Recently, the couple approached the Red Cross and employment agencies which was starting to pay off, and they received phone calls after posting on Facebook they were seeking staff.

The couple said they currently had a group of Congolese people working for them along with a French chef who was born in Portugal but lived in France for the past 10 years.

However, they said people tended to leave sooner rather than later, which caused the difficulty of needing to re-train new workers frequently.

Mr Wagner said the likely reason for this was backpackers heading up north to the warmer weather.

“We have had quite a few here, we have even had backpackers that have come back a second year, we would love for them to stay, some of them have just been amazing workers and lovely people,” he said.

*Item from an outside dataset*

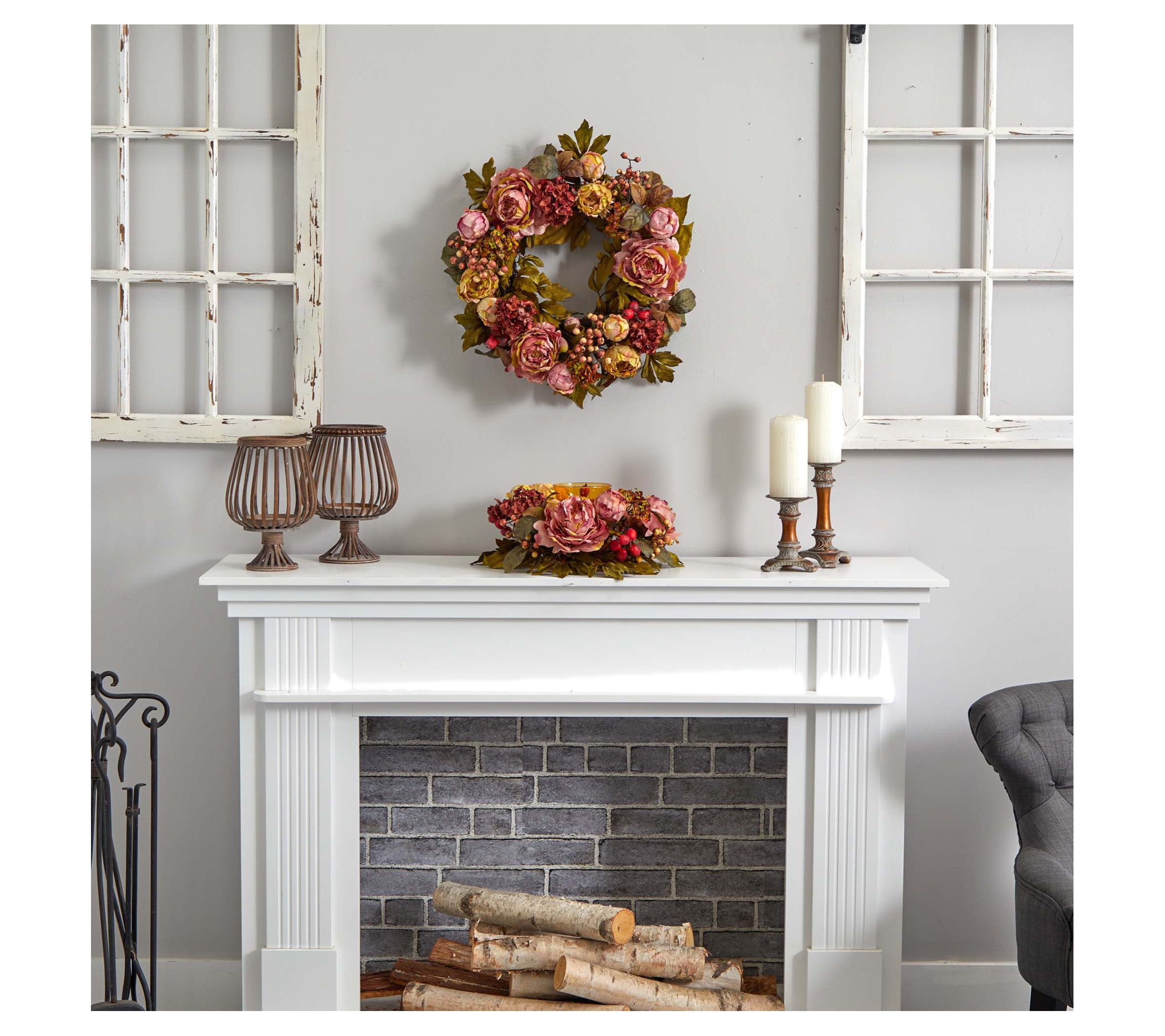 An earthy assortment of peonies and hydrangeas intertwined with berries and green foliage give this lifelike wreath a stately style. From Nearly Natural.

Mr Wagner also believed that often people’s expectations of working in a rose nursery were different to what it was actually like.

“It’s a lot of hard work, it’s a lot of physical work, so I think they get a little bit of a shock sometimes when they realise the type of work that we do,” he said.

Ms Rusconi said language barriers could also make communication and explaining how to carry out jobs challenging.

The nursery is currently in the busiest time of the season and the main job right now is pruning roses, cutting them back for the market and other jobs include lifting plants, planting stock and boxing plants up for sale.

Mr Wagner said with 10 people working they could plant 15,000 to 20,000 cuttings a day.